Records contained in a dataset:
※
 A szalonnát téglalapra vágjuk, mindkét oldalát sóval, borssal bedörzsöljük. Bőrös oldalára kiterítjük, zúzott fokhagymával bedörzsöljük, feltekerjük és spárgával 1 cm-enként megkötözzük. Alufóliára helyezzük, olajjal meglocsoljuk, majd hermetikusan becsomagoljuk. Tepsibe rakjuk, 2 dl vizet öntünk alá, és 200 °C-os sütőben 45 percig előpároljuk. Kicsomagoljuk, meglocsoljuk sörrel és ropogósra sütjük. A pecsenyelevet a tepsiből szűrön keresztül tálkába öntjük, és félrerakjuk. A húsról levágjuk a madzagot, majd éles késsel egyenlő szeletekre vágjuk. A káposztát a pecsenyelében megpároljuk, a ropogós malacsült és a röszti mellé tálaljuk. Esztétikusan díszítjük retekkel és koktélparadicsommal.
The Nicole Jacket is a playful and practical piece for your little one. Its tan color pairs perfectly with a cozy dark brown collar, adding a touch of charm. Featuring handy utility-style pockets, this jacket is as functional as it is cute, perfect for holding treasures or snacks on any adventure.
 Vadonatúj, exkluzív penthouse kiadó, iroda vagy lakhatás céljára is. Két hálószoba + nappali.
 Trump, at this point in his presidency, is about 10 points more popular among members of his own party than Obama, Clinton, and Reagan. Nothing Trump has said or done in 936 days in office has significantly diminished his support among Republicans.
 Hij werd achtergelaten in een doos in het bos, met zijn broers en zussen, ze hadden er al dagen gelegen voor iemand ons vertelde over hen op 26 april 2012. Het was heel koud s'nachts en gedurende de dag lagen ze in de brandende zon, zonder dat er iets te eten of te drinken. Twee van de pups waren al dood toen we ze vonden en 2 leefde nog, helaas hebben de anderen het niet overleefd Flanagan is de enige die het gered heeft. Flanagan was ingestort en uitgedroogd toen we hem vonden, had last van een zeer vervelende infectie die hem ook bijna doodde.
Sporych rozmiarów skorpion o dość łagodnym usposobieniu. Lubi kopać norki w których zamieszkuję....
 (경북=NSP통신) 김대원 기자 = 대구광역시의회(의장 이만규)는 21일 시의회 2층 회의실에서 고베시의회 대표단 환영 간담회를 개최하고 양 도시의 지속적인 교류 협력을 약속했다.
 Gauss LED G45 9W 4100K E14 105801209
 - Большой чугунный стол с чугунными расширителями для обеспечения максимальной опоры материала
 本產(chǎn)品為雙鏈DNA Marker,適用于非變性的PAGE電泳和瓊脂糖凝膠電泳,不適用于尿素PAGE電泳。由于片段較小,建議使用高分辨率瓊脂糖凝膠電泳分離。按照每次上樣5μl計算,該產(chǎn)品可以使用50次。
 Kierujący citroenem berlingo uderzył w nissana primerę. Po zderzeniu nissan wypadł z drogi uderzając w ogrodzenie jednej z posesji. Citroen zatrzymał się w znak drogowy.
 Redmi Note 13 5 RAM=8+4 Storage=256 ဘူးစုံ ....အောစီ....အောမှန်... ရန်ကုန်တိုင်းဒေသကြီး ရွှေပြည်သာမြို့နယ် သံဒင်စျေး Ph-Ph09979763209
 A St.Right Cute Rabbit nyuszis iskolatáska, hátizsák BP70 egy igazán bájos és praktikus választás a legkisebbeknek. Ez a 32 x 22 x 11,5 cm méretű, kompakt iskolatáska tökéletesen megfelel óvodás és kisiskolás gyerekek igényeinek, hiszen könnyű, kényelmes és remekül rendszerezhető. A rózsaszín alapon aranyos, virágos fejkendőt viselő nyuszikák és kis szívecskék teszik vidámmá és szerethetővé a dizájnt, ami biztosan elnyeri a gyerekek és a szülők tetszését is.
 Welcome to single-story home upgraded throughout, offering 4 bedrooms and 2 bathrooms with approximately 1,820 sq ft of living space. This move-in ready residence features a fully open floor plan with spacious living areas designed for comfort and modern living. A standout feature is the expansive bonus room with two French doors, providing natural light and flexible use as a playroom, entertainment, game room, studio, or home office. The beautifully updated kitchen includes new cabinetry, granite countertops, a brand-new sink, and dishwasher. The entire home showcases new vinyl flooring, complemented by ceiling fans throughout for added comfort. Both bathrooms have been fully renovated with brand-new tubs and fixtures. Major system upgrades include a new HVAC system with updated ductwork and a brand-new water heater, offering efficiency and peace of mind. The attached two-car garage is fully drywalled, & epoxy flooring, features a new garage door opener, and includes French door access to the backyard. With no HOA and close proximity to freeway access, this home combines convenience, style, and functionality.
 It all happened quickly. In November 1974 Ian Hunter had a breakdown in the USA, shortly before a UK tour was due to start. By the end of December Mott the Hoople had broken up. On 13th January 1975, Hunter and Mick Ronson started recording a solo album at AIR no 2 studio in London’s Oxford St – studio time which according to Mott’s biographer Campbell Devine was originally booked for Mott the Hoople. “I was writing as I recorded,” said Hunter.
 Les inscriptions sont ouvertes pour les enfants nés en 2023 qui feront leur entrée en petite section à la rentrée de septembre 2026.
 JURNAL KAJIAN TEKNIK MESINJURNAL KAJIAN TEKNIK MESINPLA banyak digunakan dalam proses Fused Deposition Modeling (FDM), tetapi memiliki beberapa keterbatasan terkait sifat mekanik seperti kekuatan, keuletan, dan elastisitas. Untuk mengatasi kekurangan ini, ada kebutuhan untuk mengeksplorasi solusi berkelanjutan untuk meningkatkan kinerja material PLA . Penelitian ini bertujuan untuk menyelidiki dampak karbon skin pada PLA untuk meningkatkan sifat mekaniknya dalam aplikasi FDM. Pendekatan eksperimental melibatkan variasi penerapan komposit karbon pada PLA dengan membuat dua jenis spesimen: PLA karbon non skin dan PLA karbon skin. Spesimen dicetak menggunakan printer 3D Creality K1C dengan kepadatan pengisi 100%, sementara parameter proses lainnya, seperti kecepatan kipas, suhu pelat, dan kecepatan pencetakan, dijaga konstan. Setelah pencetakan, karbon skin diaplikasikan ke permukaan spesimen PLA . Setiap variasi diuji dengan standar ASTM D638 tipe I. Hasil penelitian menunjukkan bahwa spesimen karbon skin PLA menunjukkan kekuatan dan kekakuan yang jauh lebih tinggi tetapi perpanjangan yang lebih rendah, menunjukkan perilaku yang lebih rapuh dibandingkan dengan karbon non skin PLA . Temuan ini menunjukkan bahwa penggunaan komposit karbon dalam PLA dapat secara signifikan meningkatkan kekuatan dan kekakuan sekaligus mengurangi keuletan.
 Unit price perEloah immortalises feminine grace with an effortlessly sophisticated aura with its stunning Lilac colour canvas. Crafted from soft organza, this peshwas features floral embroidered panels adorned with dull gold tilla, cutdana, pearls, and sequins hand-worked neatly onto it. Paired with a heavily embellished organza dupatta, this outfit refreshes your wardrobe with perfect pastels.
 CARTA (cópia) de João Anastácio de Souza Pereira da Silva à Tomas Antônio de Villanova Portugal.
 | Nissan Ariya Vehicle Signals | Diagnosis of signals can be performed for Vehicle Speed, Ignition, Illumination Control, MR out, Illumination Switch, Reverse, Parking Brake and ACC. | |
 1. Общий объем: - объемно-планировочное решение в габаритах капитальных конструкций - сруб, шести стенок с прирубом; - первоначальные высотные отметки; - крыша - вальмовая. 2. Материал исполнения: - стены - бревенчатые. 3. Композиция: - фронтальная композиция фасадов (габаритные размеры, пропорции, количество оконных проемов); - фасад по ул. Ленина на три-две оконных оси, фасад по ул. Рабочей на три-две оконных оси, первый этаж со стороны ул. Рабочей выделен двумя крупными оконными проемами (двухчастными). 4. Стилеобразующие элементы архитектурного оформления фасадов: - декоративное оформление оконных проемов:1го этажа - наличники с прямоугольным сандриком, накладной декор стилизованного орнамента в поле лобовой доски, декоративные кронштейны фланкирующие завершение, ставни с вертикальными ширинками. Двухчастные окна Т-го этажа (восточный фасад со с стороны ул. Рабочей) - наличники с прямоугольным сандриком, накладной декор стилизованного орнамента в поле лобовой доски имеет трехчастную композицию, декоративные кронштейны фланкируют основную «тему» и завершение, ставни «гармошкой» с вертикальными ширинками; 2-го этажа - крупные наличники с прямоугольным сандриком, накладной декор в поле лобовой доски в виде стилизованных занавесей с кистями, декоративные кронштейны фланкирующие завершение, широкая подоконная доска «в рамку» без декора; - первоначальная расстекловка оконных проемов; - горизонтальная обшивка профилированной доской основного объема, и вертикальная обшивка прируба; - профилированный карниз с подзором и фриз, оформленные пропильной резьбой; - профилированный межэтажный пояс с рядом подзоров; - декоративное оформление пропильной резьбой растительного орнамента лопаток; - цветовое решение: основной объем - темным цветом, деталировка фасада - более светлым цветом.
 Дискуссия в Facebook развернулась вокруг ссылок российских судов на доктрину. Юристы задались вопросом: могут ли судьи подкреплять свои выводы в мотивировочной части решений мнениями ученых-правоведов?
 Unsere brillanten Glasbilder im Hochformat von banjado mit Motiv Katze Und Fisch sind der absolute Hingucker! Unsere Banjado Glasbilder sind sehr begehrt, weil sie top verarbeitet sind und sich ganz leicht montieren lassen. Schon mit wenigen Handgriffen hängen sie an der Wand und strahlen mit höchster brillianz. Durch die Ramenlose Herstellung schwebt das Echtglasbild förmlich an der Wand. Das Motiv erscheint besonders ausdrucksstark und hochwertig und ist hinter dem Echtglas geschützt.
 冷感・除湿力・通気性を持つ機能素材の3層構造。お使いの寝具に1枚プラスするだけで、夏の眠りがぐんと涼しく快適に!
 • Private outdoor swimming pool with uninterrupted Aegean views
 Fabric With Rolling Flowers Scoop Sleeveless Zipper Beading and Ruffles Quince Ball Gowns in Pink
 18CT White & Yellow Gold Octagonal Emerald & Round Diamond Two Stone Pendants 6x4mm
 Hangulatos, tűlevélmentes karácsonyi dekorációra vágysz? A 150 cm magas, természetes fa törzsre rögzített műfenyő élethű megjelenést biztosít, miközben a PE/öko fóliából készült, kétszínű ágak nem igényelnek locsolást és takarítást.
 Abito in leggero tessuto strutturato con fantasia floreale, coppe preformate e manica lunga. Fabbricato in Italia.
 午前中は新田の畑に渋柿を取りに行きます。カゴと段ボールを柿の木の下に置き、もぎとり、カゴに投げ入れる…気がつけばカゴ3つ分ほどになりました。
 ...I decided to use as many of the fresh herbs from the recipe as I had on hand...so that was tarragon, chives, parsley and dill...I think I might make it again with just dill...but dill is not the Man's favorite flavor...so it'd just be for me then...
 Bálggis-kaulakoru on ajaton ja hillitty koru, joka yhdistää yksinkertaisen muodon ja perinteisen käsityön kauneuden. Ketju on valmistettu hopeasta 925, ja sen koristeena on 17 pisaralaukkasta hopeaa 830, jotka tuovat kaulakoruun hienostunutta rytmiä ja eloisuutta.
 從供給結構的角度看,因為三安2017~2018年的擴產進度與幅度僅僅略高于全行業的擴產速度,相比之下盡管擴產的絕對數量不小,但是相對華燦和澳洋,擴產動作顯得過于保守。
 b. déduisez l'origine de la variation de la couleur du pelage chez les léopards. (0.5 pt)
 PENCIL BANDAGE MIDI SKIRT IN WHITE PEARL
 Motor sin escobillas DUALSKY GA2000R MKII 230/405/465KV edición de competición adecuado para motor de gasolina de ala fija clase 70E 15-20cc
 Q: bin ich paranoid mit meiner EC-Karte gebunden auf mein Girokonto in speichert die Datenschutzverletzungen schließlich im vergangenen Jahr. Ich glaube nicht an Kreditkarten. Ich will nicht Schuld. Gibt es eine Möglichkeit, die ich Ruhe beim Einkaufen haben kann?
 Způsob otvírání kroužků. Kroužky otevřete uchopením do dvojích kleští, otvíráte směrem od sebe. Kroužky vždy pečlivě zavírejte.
※
**Prompt**
Write down, word for word, the lines above from the one containing "從供給結構的角度看,因為三安" through the one containing "Motor sin escobillas", both ends included.

**Response to this exercise**
 從供給結構的角度看,因為三安2017~2018年的擴產進度與幅度僅僅略高于全行業的擴產速度,相比之下盡管擴產的絕對數量不小,但是相對華燦和澳洋,擴產動作顯得過于保守。
 b. déduisez l'origine de la variation de la couleur du pelage chez les léopards. (0.5 pt)
 PENCIL BANDAGE MIDI SKIRT IN WHITE PEARL
 Motor sin escobillas DUALSKY GA2000R MKII 230/405/465KV edición de competición adecuado para motor de gasolina de ala fija clase 70E 15-20cc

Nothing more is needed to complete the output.